Lerchenmueller Marc J, Sorenson Olav
Yale School of Management, Yale University, New Haven, CT, United States of America.
PLoS One. 2016 Jul 1;11(7):e0158731. doi: 10.1371/journal.pone.0158731. eCollection 2016.
We examined the usefulness (precision) and completeness (recall) of the Author-ity author disambiguation for PubMed articles by associating articles with scientists funded by the National Institutes of Health (NIH). In doing so, we exploited established unique identifiers-Principal Investigator (PI) IDs-that the NIH assigns to funded scientists. Analyzing a set of 36,987 NIH scientists who received their first R01 grant between 1985 and 2009, we identified 355,921 articles appearing in PubMed that would allow us to evaluate the precision and recall of the Author-ity disambiguation. We found that Author-ity identified the NIH scientists with 99.51% precision across the articles. It had a corresponding recall of 99.64%. Precision and recall, moreover, appeared stable across common and uncommon last names, across ethnic backgrounds, and across levels of scientist productivity.

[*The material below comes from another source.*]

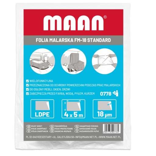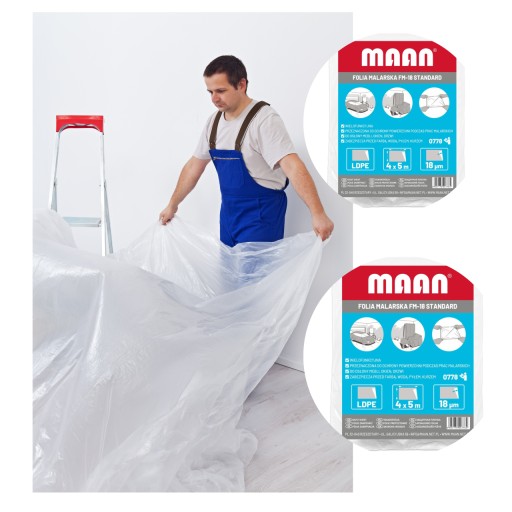 FOLIA BUDOWLANA PLANDEKA MALARSKA OCHRONNA GRUBA PLUS 4X5M UNIWERSALNA 20M2
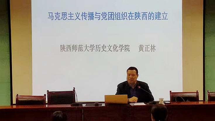 4月28日下午,馬克思主義學(xué)院在圖書館一樓報(bào)告廳舉辦黨史學(xué)習(xí)教育專題報(bào)告會(huì)。特邀陜西師范大學(xué)歷史文化學(xué)院教授、博士生導(dǎo)師黃正林為師生作了主題為“馬克思主義傳播與陜西黨團(tuán)組織的建立”的學(xué)術(shù)報(bào)告會(huì)。報(bào)告會(huì)由馬克思主義學(xué)院院長蔣正治主持。

我们通过将文章与由美国国立卫生研究院(NIH)资助的科学家相关联,来检验用于PubMed文章的Author-ity作者消歧的有用性(精确率)和完整性(召回率)。在此过程中,我们利用了NIH分配给受资助科学家的既定唯一标识符——首席研究员(PI)ID。通过分析一组在1985年至2009年间获得首个R01资助的36,987名NIH科学家,我们确定了PubMed中出现的355,921篇文章,这些文章使我们能够评估Author-ity消歧的精确率和召回率。我们发现,Author-ity在这些文章中识别NIH科学家的精确率为99.51%。其相应的召回率为99.64%。此外,精确率和召回率在常见和不常见姓氏、不同种族背景以及不同科学家生产力水平之间似乎保持稳定。